As we consider new proposals for tax limitation, it is important to know how past reforms have fared. Voters expect elected leaders to carry out their will faithfully. Yet once the excitement of a campaign has ended, institutional pressures from public agencies and persistent lobbying by groups that benefit from public spending combine to promote ever-growing government revenues. It becomes easy for elected officials to forget or ignore the message sent by the people.
For that reason the Washington Policy Center has conducted vigorous follow-up research on the fate of Referendum 47, major property tax limitation passed by voters in 1997. We believe an objective assessment is essential so people will have the information they need to hold their elected representatives accountable.
Referendum 47 says that elected officials should not increase property tax collections by more than inflation (2.6% this year), unless they can identify a "substantial need" to raise taxes higher.
The law's inflation limit was ignored by many local leaders for years. But this year our survey finds they are slowly getting the message. Here I'll present a quick summary of our findings.
We found that in 2001 34 of Washington's 39 counties held their increases in property tax collections to 2.6% or less, by far the highest compliance rate since Referendum 47 passed. Two counties, Columbia and San Juan, actually reduced the amount they collected, thus lowering the tax burden of their citizens. Six counties - Chelan, Kittitas, Pend Oreille, Spokane, Wahkiakum and Whatcom - held their property tax increases to zero, proving it can be done.
That's the good news. The bad news is that some counties have not gotten the message. Five raised taxes by more than inflation, and three of these - Stevens, Pacific and Ferry - levied a 6% hike, the maximum allowed.
The further bad news is that in most counties the tax burden measured over the last four years rose at two or three times the rate of inflation and more.
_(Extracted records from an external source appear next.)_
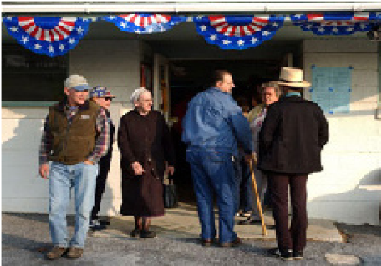
Eleitores na zona rural da Pensilvânia (inclusive membros da comunidade Amish) entram e saem de um local de votação

votação) estão presentes nas eleições dos EUA desde os anos 1970. Argumenta-se também que essas são as pesquisas mais controversas, porque dão às redes de TV meios de prever vitórias eleitorais baseadas em entrevistas com pessoas que acabaram de votar. As pesquisas de boca-de-urna ficaram especialmente malvistas nas eleições presidenciais dos EUA de 2000, quando foram usadas de maneira equivocada pelas redes de televisão para fazer não apenas uma, mas duas projeções incorretas sobre o vencedor escolhido pelos eleitores na Flórida. A pressão para anunciar a projeção primeiro superou a pressão para anunciar a
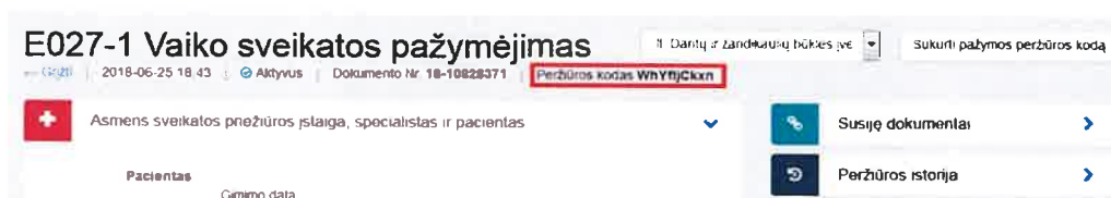
3 paveikslas. Sugeneruotas peržiūros kodas

Sistema sugeneruoja naują pažymos peržiūros e. sveikatos portale kodą, kuris parodomas atnaujintame medicininės pažymos peržiūros lange.
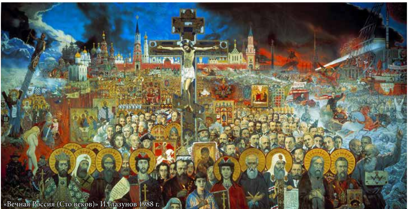
«Вечная Россия (Сто веков)» И. Глазунов 1988 г.

Из книги митрополита Сурожского АНТОНИА «Воскресные Евангельские чтения по Пятидесятнице. Часть III. (Проповеди)» 25 июня 1989 г.

King County boosted property taxes 15%, Yakima County 19%, Pierce County 20%, Whitman County 23%, while inflation over the same period rose less than 7%. Seattle led all cities in raising property taxes, enacting a suffocating 26% hike since 1997. And now Seattle's leaders wonder why the city is running out of affordable housing.
The mathematical effect of annual compounded increases over several years can be enormous. A yearly tax burden subjected to maximum 6% increases will double in 12 years, while it would take 41 years for it to double at the average rate of inflation.
Voter frustration remains high. People expect a major property tax reform to begin providing relief right away, not after four years. That explains much of the current push behind Initiative 747. Given the grudging response elected officials showed to Referendum 47, the popular support for passing an even stricter tax limit is not surprising.